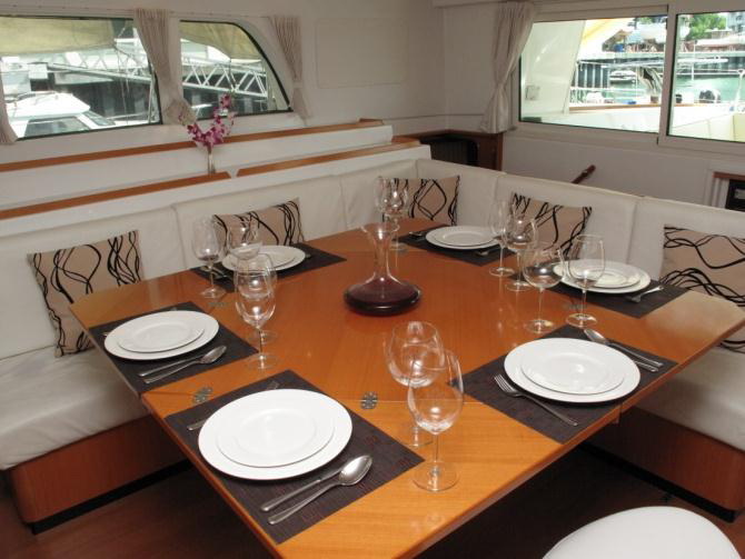 The cockpit table can be stored or used for breakfast lunch or dinner al fresco dining. There is a built-in cupboard in the cockpit for the fridge, ice-maker and a sink. From the transom, wide steps and a built in stainless steel swimming ladder lead to the sea where you can enjoy some snorkelling, swimming or paddling.
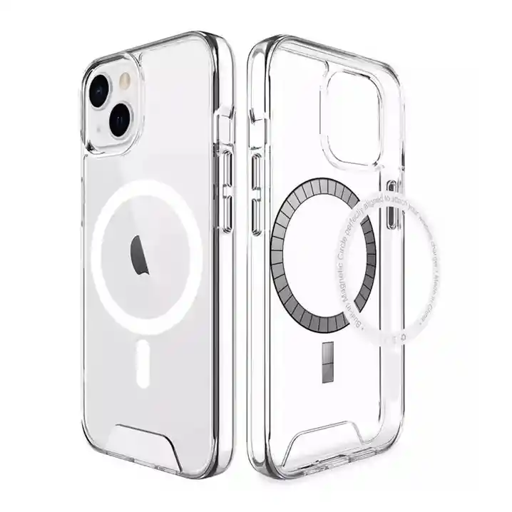 Estuche Magnético transparente con MagSafe y los bordes superior e inferior del marco de TPU se elevan 0,4 mm por encima de la parte posterior de la pc (policarbonato) para que no se raye cuando se coloca el teléfono boca arriba. Protección La fusión de dos materiales cualitativos: TPU suave y plástico duro fusionados en una capa resistente, no solo brindan una gran protección, sino que también permiten que la carcasa mantenga su apariencia transparente durante mucho tiempo.
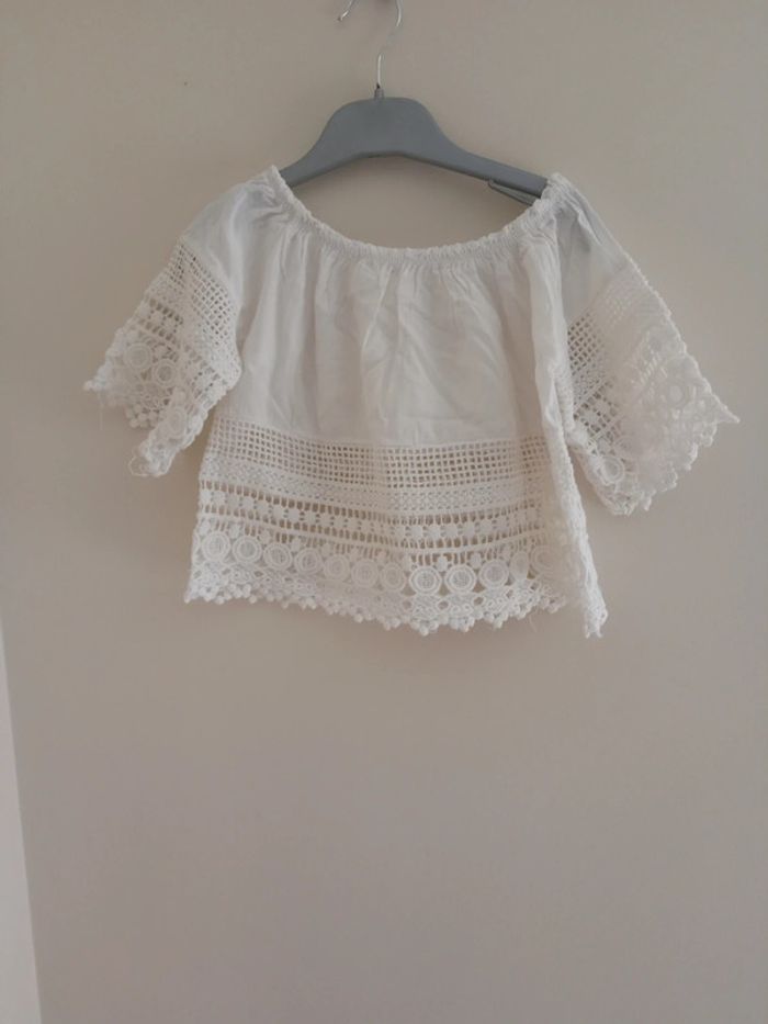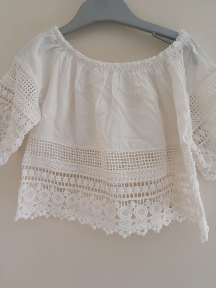 Haut blanc avec fantaisies en dentelle, se porte assez court Taille 3/4 ans #bertille0401fille3ans
++++++++
EXERCISE DIRECTIONS:
Please return only the lines from the top of the data through the line with "Estuche Magnético transparente", exactly as written, and drop every picture.

EXERCISE SOLUTION:
 The cockpit table can be stored or used for breakfast lunch or dinner al fresco dining. There is a built-in cupboard in the cockpit for the fridge, ice-maker and a sink. From the transom, wide steps and a built in stainless steel swimming ladder lead to the sea where you can enjoy some snorkelling, swimming or paddling.
 Estuche Magnético transparente con MagSafe y los bordes superior e inferior del marco de TPU se elevan 0,4 mm por encima de la parte posterior de la pc (policarbonato) para que no se raye cuando se coloca el teléfono boca arriba. Protección La fusión de dos materiales cualitativos: TPU suave y plástico duro fusionados en una capa resistente, no solo brindan una gran protección, sino que también permiten que la carcasa mantenga su apariencia transparente durante mucho tiempo.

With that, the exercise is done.